Now, considering the Z-score as a structural break, in both models, the variable presented only one break. Based on the R² values related to the investment (9.89%) and the cash holdings (14.28%), it can be observed that the second model has a greater explanatory power, and this difference is significant at 5%. In this case, for both restricted and unrestricted companies, the higher the CF of the companies, the greater the cash holdings, and the proportion is higher for financially unrestricted companies.

This result contradicts the studies of Almeida, Campello and Weisbach (2004), who stated that companies with more financial restrictions opt to retain more cash, avoiding possible financial contingencies, since they have more difficulties in obtaining financing. Considering the Z-score in relation to investment, it can be seen that, for both restricted and unrestricted firms, the CF was negatively related to this variable, and the more restrictive companies end up investing relatively less, indicating that firms that have more gains, use less these resources for investments and more for cash holdings.

5 FINAL REMARKS

In order to analyze the cash flow sensitivity of the investment as well as the cash flow to cash, taking into account the financial constraint faced by the companies, four variables were used in order to classify, in a non-arbitrary way, the companies as financially restricted and unrestricted , through regressions by Hansen’s Threshold method (1999). The results of the analyses performed separately were similar to those found by Fazzari, Hubbard and Petersen (1984), in the case of the relation with the investments in capital goods and those of Almeida, Campello and Weisbach (2004) in the case of the relation with the cash holdings.

However, in the end, the results of the analysis were not clear in relation to which behavior is predominant in Brazilian companies. Using the logarithm of Total Assets (TA) as the Threshold, the model that was most representative was related to investment in capital goods, not rejecting the H2 hypothesis. Thus, if this variable is taken into account as a classification, it can be understood that firms generally tend to make more investments instead of retaining cash and, according to the results, companies with financial constraints invest more in capital goods than companies without financial constraints, and for companies with restrictions, an increase in CF leads to an increase in investments, while for companies without financial constraints, an increase in CF leads to a reduction in investments. This result is similar to the findings of Fazzari, Hubbard and Petersen (1984), not rejecting the hypothesis H0.

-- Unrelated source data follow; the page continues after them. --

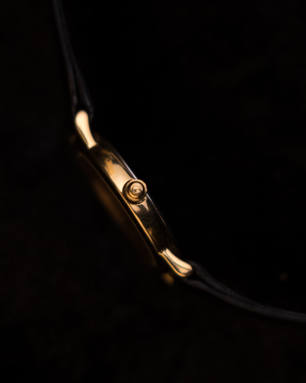 Gold-tone round case in very good vintage condition with light, age-appropriate wear visible on close inspection. The slim case profile and lugs remain well preserved.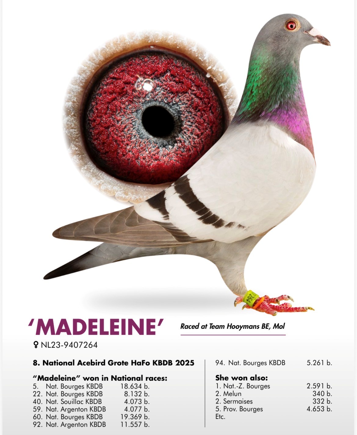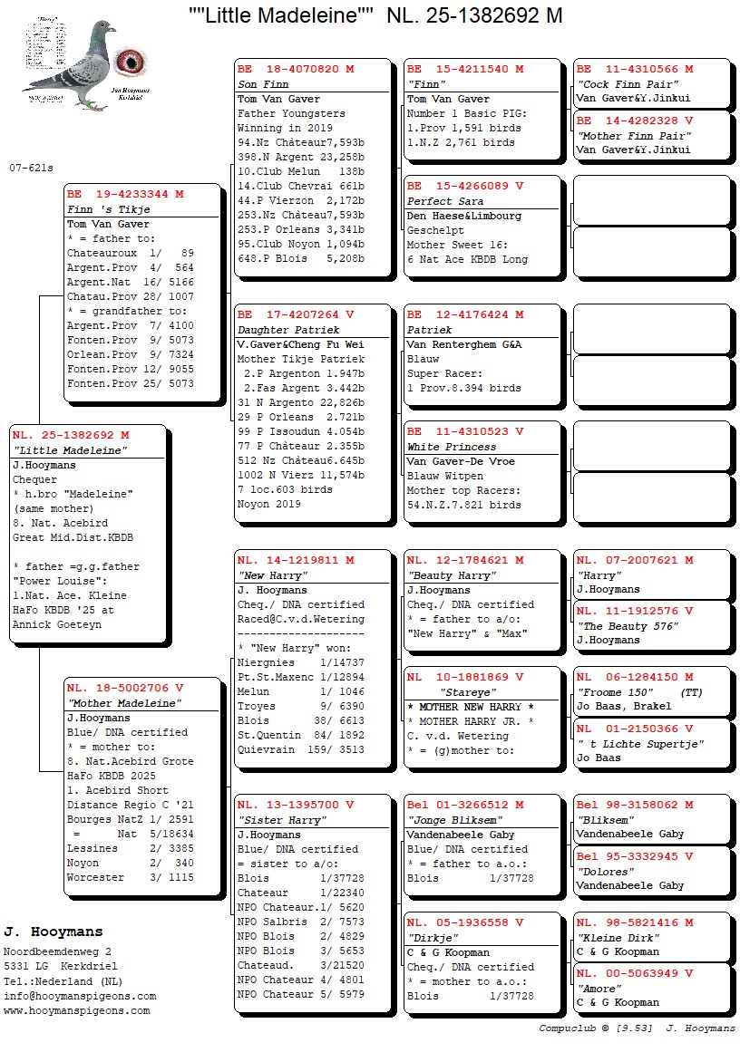 Jan Hooymans en Christian van de Wetering oftewel Team Hooymans NL. Spelen al jaren de pannen van het dak in Midden Nederland en gaan voor overwinningen en mooie uitslagen. Het hok wat bekend is geworden om zijn ‘Harry’ en vele presterende nazaten. Maar er zijn meer toppers aanwezig. Om u een klein voorbeeld te geven van de prestaties van 2025 hierbij een beknopt overzicht op Provinciaal niveau: 1-3 Quievrain/7.307 d., 1e La Ferte Saint Aubi/4.572 d., 1-3-4-5-6-8-10 Orleans/484 d., 2-9-18 Chateaudun/2.084 d., 3e Morlincourt/12.757 d., 6e Pont Saint Maxence/10.167 d., 7-8 Quievrain/13.705 d., 4e Niergnies/4.015 d., 6-7-12 Issoudun ZAC/1.854 duiven en zo vele mooie uitslagen meer. Men werd 1e Onaangewezen en 1e Aangewezen Dagfond en men had een 3e Nationaal Dagfond Duif.
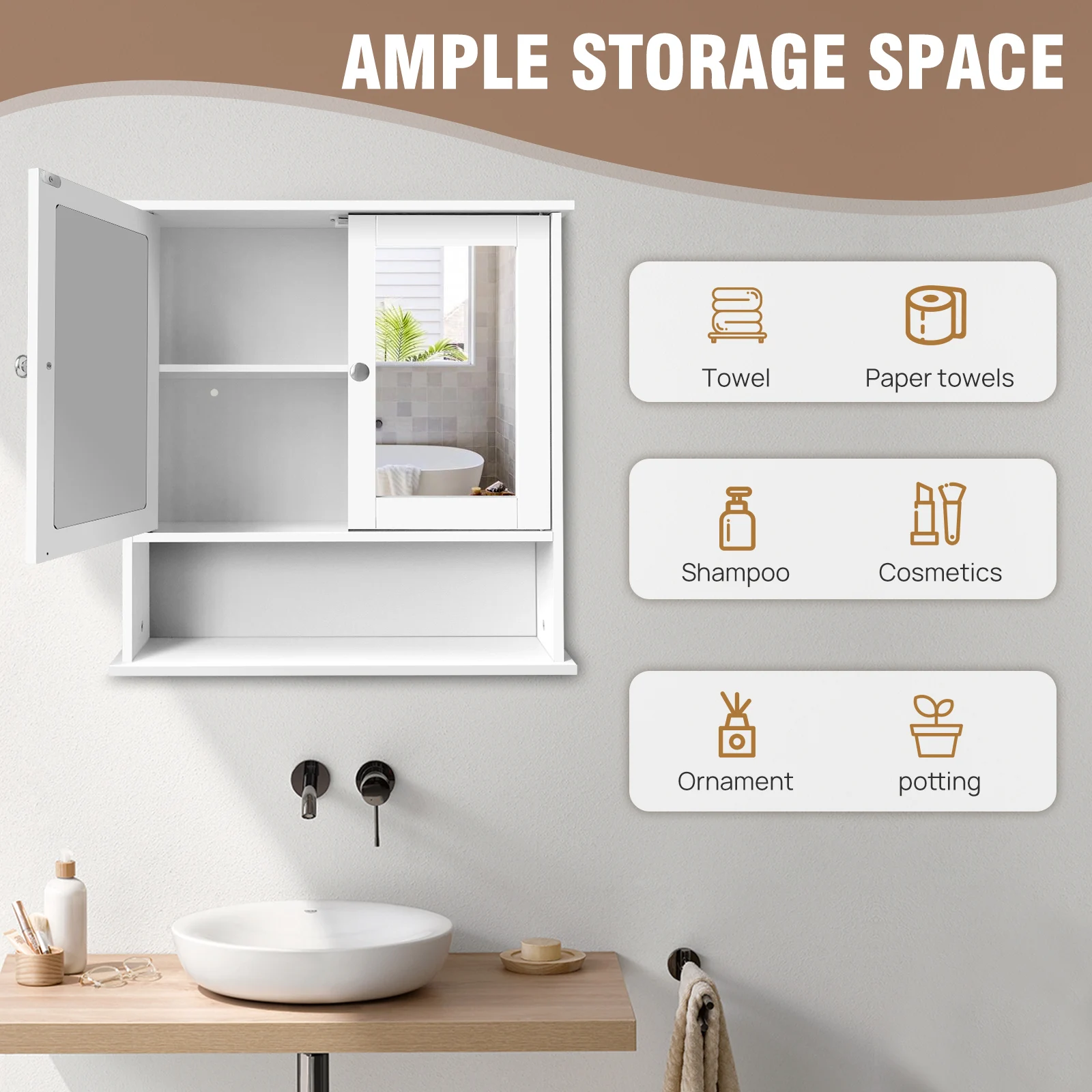 Bathroom Cabinet Wall-Mounted Storage Cabinet Modern Toilet Cupboard Storage Unit with Double Mirror Door Adjustable Shelf White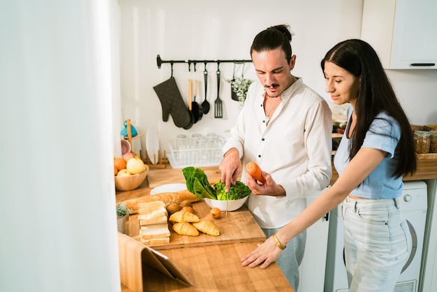 白人の幸せなカップルがキッチンに立ち、一緒に料理するためにたくさんの野菜や果物を準備するカップルが健康的な食材を使って料理を楽しむ健康的なウェルネスのライフスタイルコンセプトPremium写真。

Now, considering the Z-score as a Threshold, the most representative model indicated that companies use CF results more for cash holdings than for investing, an opposite result to that found with the use of the AT variable, not rejecting the hypothesis H2A. Considering the analysis of the cash retention, it is understood that both restricted and unrestricted companies have a significantly positive relationship between CF and cash holdings, and the magnitude of this variable is higher for unrestricted companies, which indicates that companies without financial restrictions carry more cash holdings as a result of a positive CF than the ones with financial constraints. This result corroborates the findings of Almeida, Campello and Weisbach (2004). Therefore, this result does reject the H1 hypothesis.

Taking into account the results presented, it is not possible to reach a unanimous conclusion regarding the use of CF results for cash holdings or for investment, since significant results were found for both situations, taking into account different threshold variables. The results presented some restrictions in terms of sample size, since the method requires balanced data and there is also the possibility of endogeneity between the variables of the model. For this reason, it is suggested, for future work, new analyzes considering a larger sample, searching for new variables to be used to perform the structural breaks.